Task objective: Look below for the line with "2人用足漕ぎボートにmamaと一緒に乗りました。" and the line with "- Oversized Textured". Copy exactly those two lines and every line between, but not the pictures.

Materials provided:
======

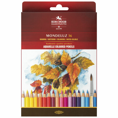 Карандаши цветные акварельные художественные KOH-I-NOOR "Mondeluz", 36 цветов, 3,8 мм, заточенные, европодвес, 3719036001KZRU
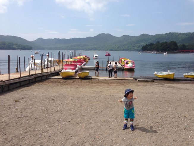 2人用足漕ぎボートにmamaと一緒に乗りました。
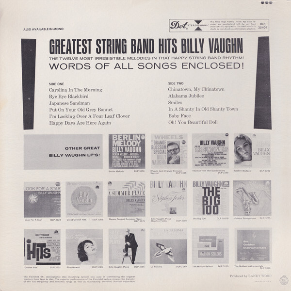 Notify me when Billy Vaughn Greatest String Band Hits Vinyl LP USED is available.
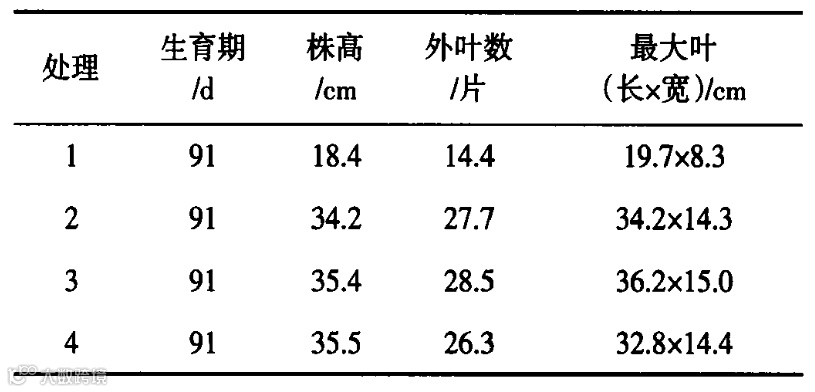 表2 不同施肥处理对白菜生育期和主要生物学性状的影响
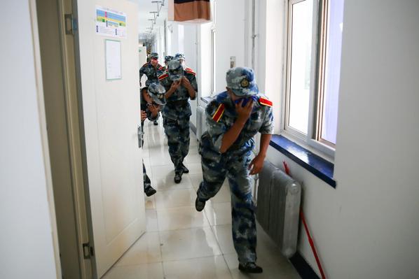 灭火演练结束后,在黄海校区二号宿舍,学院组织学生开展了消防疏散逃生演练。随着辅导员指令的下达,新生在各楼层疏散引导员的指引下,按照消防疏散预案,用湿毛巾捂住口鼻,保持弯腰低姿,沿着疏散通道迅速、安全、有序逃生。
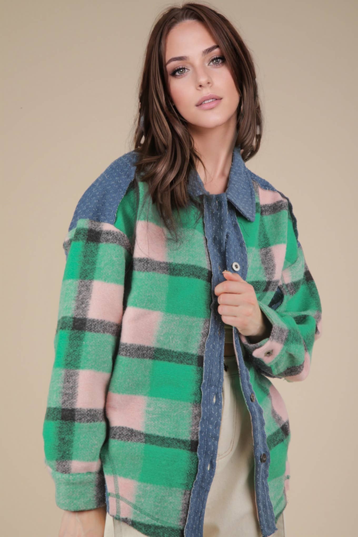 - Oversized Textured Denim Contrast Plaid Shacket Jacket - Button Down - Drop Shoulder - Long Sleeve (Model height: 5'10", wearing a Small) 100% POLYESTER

======

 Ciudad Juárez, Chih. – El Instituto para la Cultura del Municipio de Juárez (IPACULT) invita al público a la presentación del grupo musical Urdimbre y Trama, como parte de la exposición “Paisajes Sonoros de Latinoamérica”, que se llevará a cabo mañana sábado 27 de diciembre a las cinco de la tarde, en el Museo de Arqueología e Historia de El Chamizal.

======

Response:
 2人用足漕ぎボートにmamaと一緒に乗りました。
 Notify me when Billy Vaughn Greatest String Band Hits Vinyl LP USED is available.
 表2 不同施肥处理对白菜生育期和主要生物学性状的影响
 灭火演练结束后,在黄海校区二号宿舍,学院组织学生开展了消防疏散逃生演练。随着辅导员指令的下达,新生在各楼层疏散引导员的指引下,按照消防疏散预案,用湿毛巾捂住口鼻,保持弯腰低姿,沿着疏散通道迅速、安全、有序逃生。
 - Oversized Textured Denim Contrast Plaid Shacket Jacket - Button Down - Drop Shoulder - Long Sleeve (Model height: 5'10", wearing a Small) 100% POLYESTER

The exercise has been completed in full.